Also, their skeletal structure is called a test and has a curved pentagonal shape. A live sand dollar is patterned like an irregular circle, and it is covered by a velvet-like spine with a projection of “hairs” known as cilia. The cilia aids feeding by moving food to the mouth, located at the center under the sand dollar.

We have prepared this article on what sand dollars eat to create awareness and fill in any lack of information thereof.

What Do Sand Dollars Eat?

What Do Sand Dollars Eat
Sand dollars eat debris, small copepods, diatoms, and several other microscopic animals

Sand dollars are omnivores that eat debris, small copepods, diatoms, microscopic algae, crustacean larvae, and aquatic insects. Sand dollars are completely aquatic, and as a consequence, any terrestrial visitation is death-dealing. Due to this constriction, sand dollars mostly eat their neighbors. The sand dollar is quite similar to the starfish in the positioning of the mouth organ, located at the center and underneath both critters. 

What sand dollars eat also depends on the style they have applied during feeding time. A study in the Journal of Experimental Marine Biology and Ecology shows that sand dollars can eat deposited or suspended food particles. And it goes on to explain the repositioning required to access these foods.
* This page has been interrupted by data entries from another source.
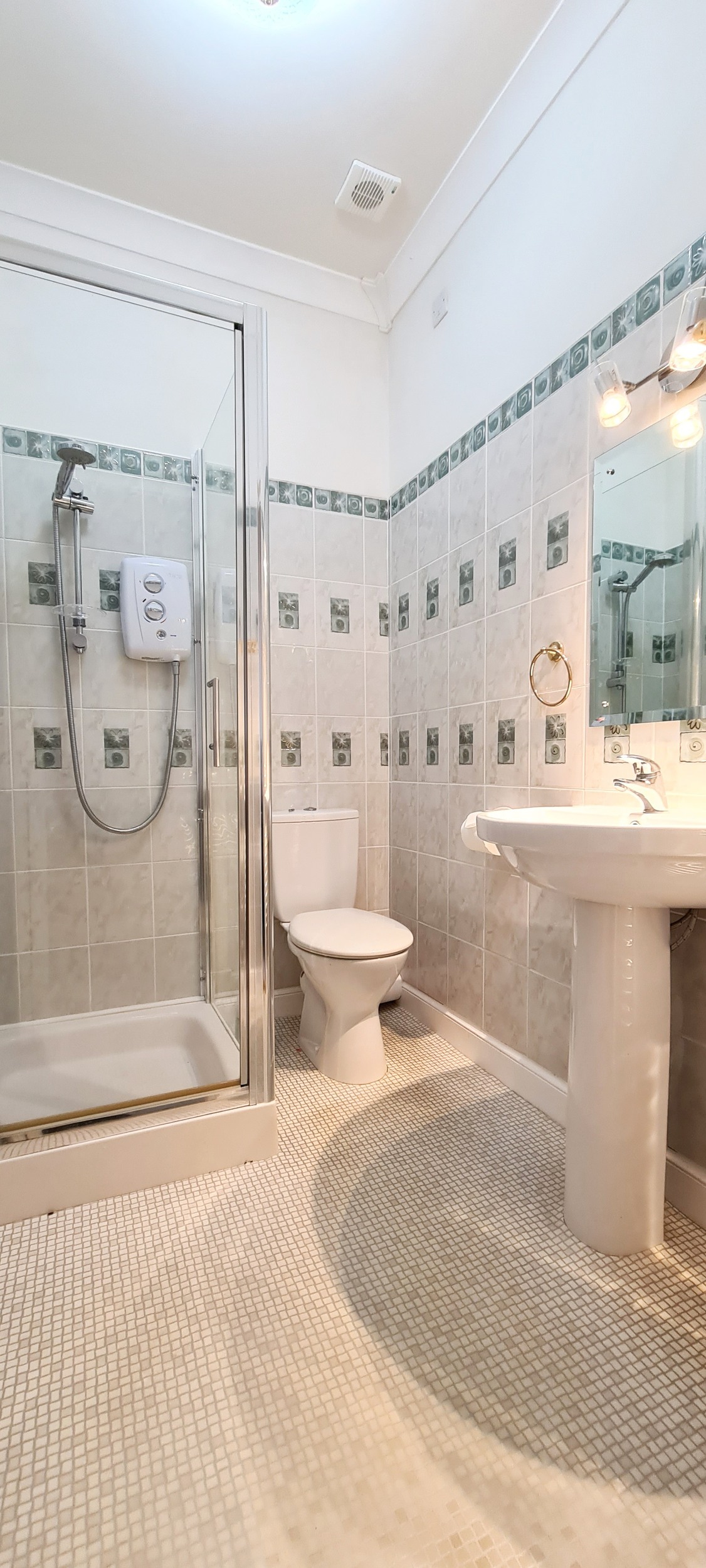 Partially tiled shower room. Shower cubical. Triton electric shower. WC. Wash hand basin with pedestal. Vinyl flooring. Towel radiator. Extractor fan. Wall mirror.
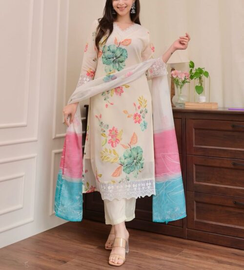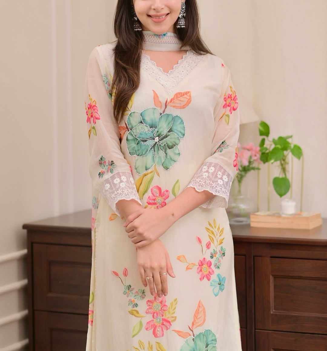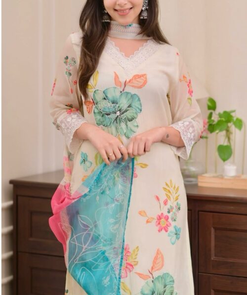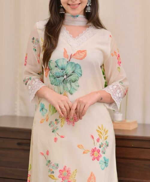 Elevate your everyday ethnic wardrobe with our Reshmi Organza Dupatta Pant Set, designed for style, comfort, and elegance. This three-piece ensemble features a finely tailored kurta adorned with full handwork and an intricately crafted neckline, paired with matching pants and a soft, airy organza dupatta.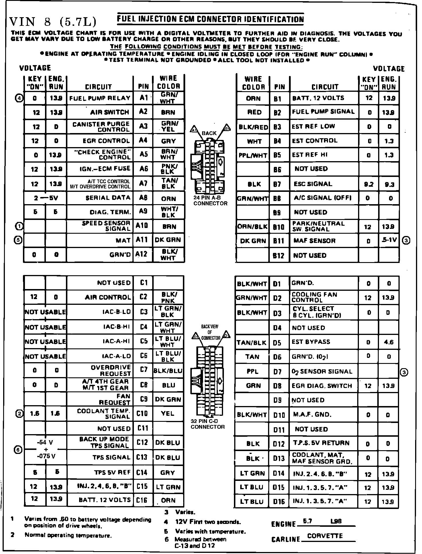 Fig. 015 ECM Connector Terminal Identification & Voltage Specifications: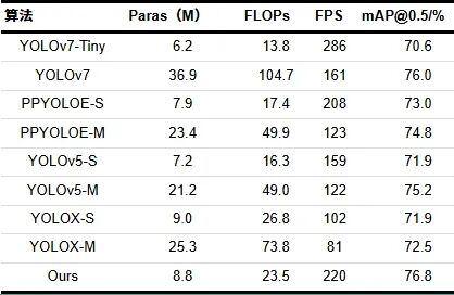 将所提出的方法与最先进的物体检测器进行比较,结果如表3所示。从表3中的结果中可以看出,本文所提出的方法(Ours)在速度和准确度的平衡方面综合表现最佳。具体来说,如果将所提出的方法与YOLOv7-Tiny进行比较,本文方法在FPS方面虽然低66帧,但仍然可以远超其他算法,而准确度相比于YOLOv7-Tiny(mAP@0.5)高6.2%。此外,YOLOv7在161 fps的帧速率下具有76.0%的mAP@0.5,而本文算法在具有相似准确率的同时速率方面大大超越YOLOv7达到了220 fps,且所用参数量比YOLOv7少了83.19%。如果将具有220 fps推理速度的本文方法与具有159 fps推理速度的YOLOv5-S进行比较,本文所提出的方法可以提高4.9%的mAP@0.5。如果将所提出的方法与相似参数规模的YOLOX-S进行比较,则所提出的方法的推断速度比YOLOX-S快118帧,同时mAP@0.5比YOLO-S高4.9%。此外,就参数和计算量而言,与YOLOv5-M相比,所提出的方法减少了75.49%的参数量和25.5(FLOPs)的计算量,但mAP@0.5提高了1.6%。总体而言,本文所提出的方法在速度、准确度以及参数和计算量的平衡方面表现出色,优于其他列举的目标检测算法。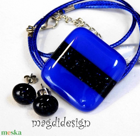 Király-kék aventurin csíkos üvegékszer szett, nyaklánc, pötty fülbevaló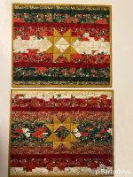 Látky můžete náhodně střídat- vznikne obrazec výše. Nebo je možné je uspořádat do paprsků stejné barvy, jako je na obrázku v rozvrhu hodin. Spotřeba látek se různí podle toho, kde kterou použijete. Doporučujeme 7 látek + střed + borduru, látky cca po 20/30 cm. Budeme rádi, když si látky nakoupíte u nás na začátku kurzu.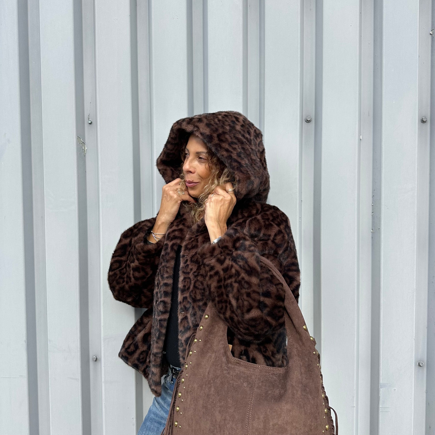 Veste Lyna à capuche en fausse fourrure léopard

Deposited food particles refer to detritus, while suspended food is a mix of living and dead organic matter. 

So, sand dollars and their larvae would use a suspension-feeding system to get planktons, microalgae, and even the larvae of other bottom dwellers as the ocean current moves these particles from point to point.

Complete List Of Foods Sand Dollars Eat?

Sand dollars eat both animals and plant matter. However, seeing them for the first time might make you doubt and question how they can eat some of the organic matter. Their cilia catch these food particles and move them to the mouth of the creature.

Here’s a complete list of food sand dollars eat:

  • Flies
  • Planktons
  • small copepods
  • Diatoms,
  • Sponges
  • microscopic algae, 
  • Bivalve
  • Aquatic insects
  • crustacean larvae,
  • Kelp
  • Detritus
  • Larvae
  • Shrimp

How Do Sand Dollars Hunt For Food?

What Do Sand Dollars Eat

It takes sand dollars two days to digest what they eat

©Reptilian/Shutterstock.com

The spiny skin with cilia protrusion on both sides of the sand dollar is more than something to cover the skeleton. In addition to this essential function, the cilia are in charge of all motions, including transportation of food to the mouth.

Other motions necessary for hunting food, such as burrowing or creeping are equally enabled by cilia, as the sand dollar looks and sifts the sand of the ocean floor for what to eat. Another way the sand dollar has evolved is to swim on its side to catch any other organisms carried by the ocean current.

Sand dollars have five rows of “teeth,” which they use to catch prey and chomp on food. This should hasten their digestion, you would think, but the sand dollar takes approximately two days to digest meals. Another ingenuity of these animals is that they ingest sediments to help weigh them down. This adaptation ensures they are not swept away by the ocean current or eaten by predators.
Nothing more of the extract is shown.